The things I see; the things people collect’ the things that show up as “rescued;” the things someone will try to sell…oh my!
It’s an old telephone switchboard. Don’t ask. I don’t know how to work it. I know what it’s for. I grew up with a phone that you picked up the receiver and spoke to the operator who then put you through to your party. Yeah, they called it a “party.” Don’t ask. Back then I had a phone number with four digits. They added the three number exchange later. In West Virginia, we got 636-xxxx. It was quite a surprise to see that exchange is the most common even now. This all happened in the ‘60’s when I was a kid. Yes, ancient times.
The really old one does not have a “QWERTY” keyboard. And it’s missing a key? I never would have looked…but (OCD) – “H” – it’s replaced by ‘tel.’ Oh well, go figure. They must have lost one. If I had to drop a letter it would be “Q.” Oh no! Not “Q.” I’m not saying I would. But if you had to lose a letter… I’m not implying that I have lost it…
You know I would never remember its name unless someone I know (equal age) uttered the words. Of course! Yup! That’s’ what it is. What? It was left beside roadside construction to warn drivers of hazard. They don’t have them anymore. Imagine what people save and restore to display in antique stores. No! I do not want one. Today the blinking yellow warning lights are battery operated and they set off my radar detector too. Yes, the things i will take a picture of…
Vending machines. No, those are not real (stale) packs of cigarettes. Classic brands! You don’t see these machines around any longer. We regulate and ban just about everything. But you can still legally buy cancer. Then, we have health care to take care of it. There’s one catch. You can’t buy health. And vending machines don’t sell cigarettes any more. Ah! Two…
Here are some recent signs I’ve run across. Old brands are fun. You may remember some. Or not. If you are certain age, then this is silly stuff. Someday you will have your own history to recall. Hey! These are such old signs that some of them are meaningless to me too.
I shoot images of the American flag when I come across them. Recently there were a series of patriotic shots in a row. Nice. Yay team! Lately, I’ve wondered which team and whether I support the coach. Sorry, no. Boo, coach!
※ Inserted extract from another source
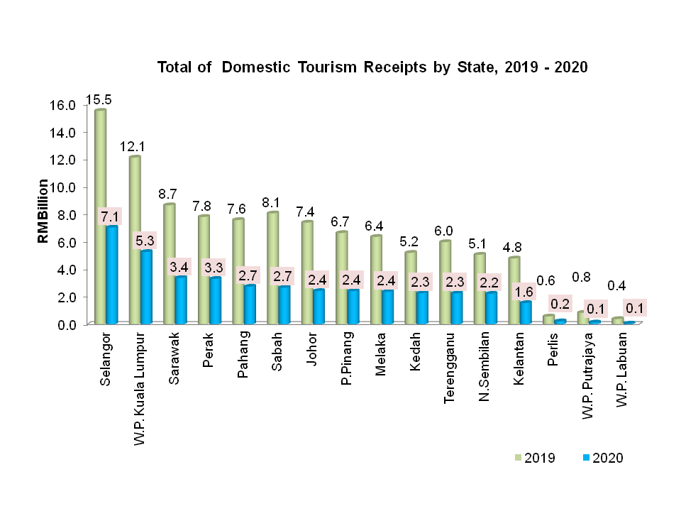 Overall, domestic tourism performance in Malaysia for 2020 declined significantly in visitor arrivals and total expenditure with -44.9 per cent and -60.8 per cent, respectively. Performance for all states contracted in terms of volume and value due to the implementation of the COVID-19 lockdown. In 2020, Selangor’s domestic visitor expenditure receipt was RM7.1 billion, a decline of -52.8 per cent from the previous year. W.P. Kuala Lumpur recorded RM5.3 billion, decreased -57.8 per cent. Also registered a significant decline was Sarawak which fell -61.0 per cent to RM3.4 billion. Other states that recorded notable decline were Perak -61.5 per cent (RM3.3 billion) and Pahang -64.1 per cent (RM2.7 billion).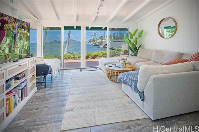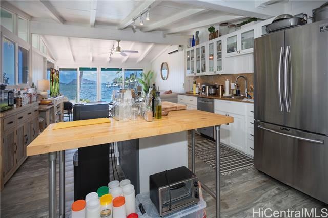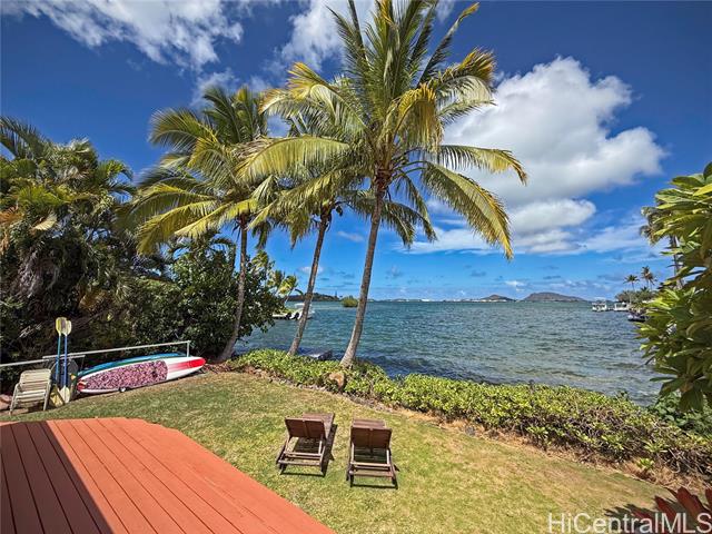 - Experience the elegance of bayfront living with these two impeccably remodeled residences on Kaneohe Bay. Each home is separately metered and offers 2 bedrooms, 1 bath, expansive lanais, and captivating views of the bay. Modern split AC systems in every room ensure year-round comfort and style. The lower residence is a private sanctuary at the water’s edge, where an open-concept design and a chef-inspired kitchen island create the perfect setting for both entertaining and everyday living. Its tranquil setting delivers an unmatched sense of serenity. The upper residence is framed by a lush garden and manicured lawn, welcoming you into a bright and airy interior. From the moment you enter, panoramic views of the vibrant blue waters and passing sailboats set the tone for refined island living. The primary suite showcases an unforgettable view, blending comfort and sophistication in a thoughtfully designed space. Both homes radiate charm, balance, and modern elegance—an exceptional opportunity to embrace the very best of Hawaii’s waterfront lifestyle. More photos to follow and tax records differ.

I go to antique stores. It’s loosely defined as something older than 100 years. Cars don’t often live to one hundred and printed materials are frequently centuries old. I did a typewriter series a little bit ago. Typewriters date back to last century. How quaint! My connection to typewriters is with term papers I typed in the middle of the night. Mistakes were not tolerated (OCD me). Correct tape and erasers were frowned upon. Ah, well, it was an old Underwood for me. You may have used another. There’s a really old one pictured. The label said, “Don’t touch. This is a $500 typewriter.” Ha! Well, I moved the tag. What’s the point? No one uses film cameras any more either. I saw an Argus C3 “brick” for $45 and it’s junk on eBay for $6. You can dream. A treasure is worth what someone else is willing to pay. Anyone want a $500 typewriter?